China’s legislature approved revisions yesterday to a key criminal law that at least on paper will restrict police powers to secretly detain people, a tactic increasingly used against activists and government critics.
The changes to the criminal procedure law were the most high-profile ones passed on the last day of the annual National People’s Congress. The Chinese Communist Party-controlled body also approved a budget for this year that calls for a boost in domestic consumption to keep the economy expanding while overseas markets remain weak.
While legal reformers have mostly applauded the revisions to detention rules, saying they will offer better protection of suspects and reflect increasing awareness in China of the need for stronger detainee rights, legal enforcement in China is another matter.
Police and prosecutors routinely ignore current legal provisions protecting suspects’ rights and have frequently used charges of endangering national security against dissidents.
The revision is seen as an incremental move and is not seen as leading to major changes in China’s authoritarian one-party system, despite occasional calls for political reform.
At his annual news conference yesterday following the session’s close, Chinese Premier Wen Jiabao (溫家寶) repeated vague reform calls, saying they were needed to solidify the achievements of three decades of economic growth and prevent a repeat of the chaos that rocked China during the violent 1966 to 1976 Cultural Revolution.
“Without a successful political structural reform ... new problems that have cropped up in China’s society will not be fundamentally resolved and such historical tragedies as the Cultural Revolution may happen again,” Wen said. “I know very well that the reform will not be an easy one. The reform will not be able to succeed without the consciousness, the support, the enthusiasm and creativity of our people,” he said.
The Cultural Revolution, Mao Zedong’s (毛澤東) failed experiment in radical egalitarianism, led to the deaths and persecution of millions, upended the nation’s leadership, and fostered broad cynicism about the communist system. China’s leaders, many of whom suffered grave hardships during that period, routinely hold it up as justification for strict political and societal control.
As before, Wen offered no specific proposals, saying reform had to adhere to China’s particular national circumstances and proceed in a “step-by-step manner.” Chinese leaders often define political reform in terms of boosting administrative efficiency, but even those paltry efforts at streamlining have gained little traction against an entrenched bureaucracy and struggle for influence ahead of this fall’s generational leadership transition.
The approval of the revised criminal law by a vote of 2,639 to 160 ends months of speculation and debate about whether the government would give police the legal authority to do something they have long done extralegally: disappear people for months at a time without telling their families.
Police have increasingly used the tactic over the past year to detain activist lawyers, democracy campaigners and even internationally acclaimed artist Ai Weiwei (艾未未), amid government worries about whether the popular uprisings of the Arab Spring might spread to China.

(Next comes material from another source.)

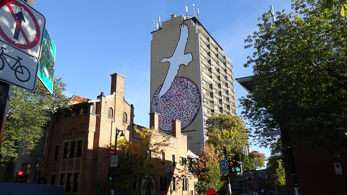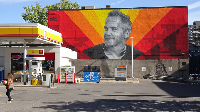 la magnifique fresque murale en l’honneur du regretté réalisateur Jean-Marc Vallée boulevard de Maisonneuve, un impressionnant portrait par son gigantisme

There are two relevant articles in the new law that deal with notifying families, one in regular criminal cases and the other involving a type of detention known as residential surveillance. Both have been revised to better protect detainees, though they do not do away completely with secret detentions, analysts said.
In the case of residential surveillance, a sort of house arrest that can happen in a fixed location chosen by police, a detainee’s family must be notified within 24 hours unless they cannot be reached. Dissidents detained under this kind of residential surveillance are often put in suburban hotels or apartments and many have reported being tortured by police.
Beijing human rights lawyer Pu Zhiqiang (浦志強) dismissed the legal tinkering, saying arbitrary enforcement and lack of independent oversight rendered such changes meaningless.
“I can’t get very excited about any new provisions legalizing types of detention. The authorities have always operated just as they pleased without regard to rules,” Pu said, citing the ongoing and still-unexplained detention of figures such as blind lawyer Chen Guangcheng (陳光誠) and Liu Xia (劉霞), the wife of imprisoned Nobel Peace Prize winner Liu Xiaobo (劉曉波).